A new study shows why some ‘SuperAgers’ have amazing memories well past their 80s

SuperAgers have super-neurons to thank for their incredible memories as they age, according to a recent study.

What keeps SuperAgers young?

Although these 'SuperAgers', a term created by Northwestern Mesulam Center for Cognitive Neurology and Alzheimer’s Disease describing people aged 80 years and older, do often practice healthy habits to keep their memories sharp, a new study reveals that nerves in their brains could be responsible. These bigger neurons allow them to age at a rate much slower than the average octogenarian.

The new study was published in The Journal of Neuroscience. It reveals that nerves in the area of the brain responsible for memory, called the entorhinal cortex (ERC), were much larger in SuperAgers when compared to their peers with average cognitive capabilities. This peer group comparison included the elderly with early onset of Alzheimer’s disease and individuals 20-30 years younger.

Neurons of SuperAgers

Researchers discovered that neurons of the SuperAgers did not contain tau tangles, or abnormal deposits of protein that can accumulate inside neurons, impairing them. These tau proteins are often a huge sign of Alzheimer’s disease.

The research

The research for SuperAgers and their incredible memories was conducted at Northwestern University Feinberg School of Medicine in Chicago. The research program is called the Northwestern SuperAging Research Program. The study shows that SuperAgers with extraordinary memories have unique biological traits that consists of healthier nerve cells in the ERC.

The study mentioned that participants donated their brains for research.

“To understand how and why people may be resistant to developing Alzheimer’s disease, it is important to closely investigate the postmortem brains of SuperAgers,” said Tamar Gefen, lead author and assistant professor of psychiatry and behavioral sciences at Northwestern University Feinberg School of Medicine. “What makes SuperAgers’ brains unique? How can we harness their biologic traits to help elderly stave off Alzheimer’s disease?”

For this study, scientists “examined the brains of six SuperAgers, seven cognitively average elderly individuals, six young individuals and five individuals with early stages of Alzheimer’s.”

The team then measured the size of the nerve cells within the ERC and looked for the presence tau tangles in the cortex.

They were able to find that the brains of SuperAgers did not have the formation of tau tangles that cause Alzheimer’s.

Significance of the findings in this study

In this study, researchers were able to find “that a neuron spared from tangle formation can maintain its structural integrity (i.e., remain healthy and large).
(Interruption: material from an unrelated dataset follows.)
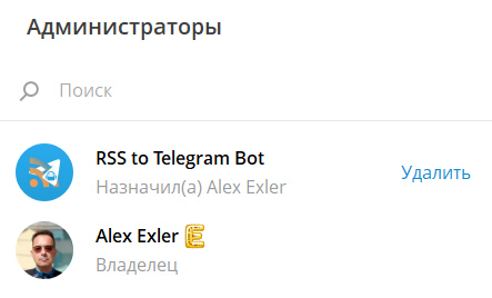 Сначала вам нужно создать новый телеграм-канал для автопостинга (ну или решить, в какой из созданных каналов вам нужно транслировать RSS-поток), после чего добавить этого бота в администраторы (чтобы он мог делать посты): заходите в настройках канала в раздел "Администраторы", там нажимаете "Добавить администратора" и поиском находите @RSStT_Bot.

The inverse also seems to be true: Tau tangles can lead to neuronal shrinkage.” This allows researchers to believe that they might be closer to finding a way to forestall Alzheimer’s diseases and its damaging effects.

“The remarkable observation that SuperAgers showed larger neurons than their younger peers may imply that large cells were present from birth and are maintained structurally throughout their lives,” Gefen said.

“We conclude that larger neurons are a biological signature of the SuperAging trajectory,” she continued. Therefore, in this discovery, researchers say it’s possible that people could be born with these larger cells that allow them to stay mentally and cognitively sharper than their peers. There is also the implication that the structure of their biological makeup remains prevalent throughout their lives.

The study that could stop Alzheimer’s disease from forming in the future

This research shows huge promise in solving the mystery of what causes Alzheimer’s disease. It allows researchers to determine early factors of Alzheimer’s and take steps towards creating an effective form of treatment, and perhaps even a cure. But the real hope is overall prevention, to find out how SuperAgers do not get Alzheimer’s in the first place and figure out how to stop it from forming to begin with. “What are the chemical, metabolic or genetic features of these cells that render them resilient?” Gefen asked. Once that question is answered, it can be used to one day eradicate the debilitating and progressive disease.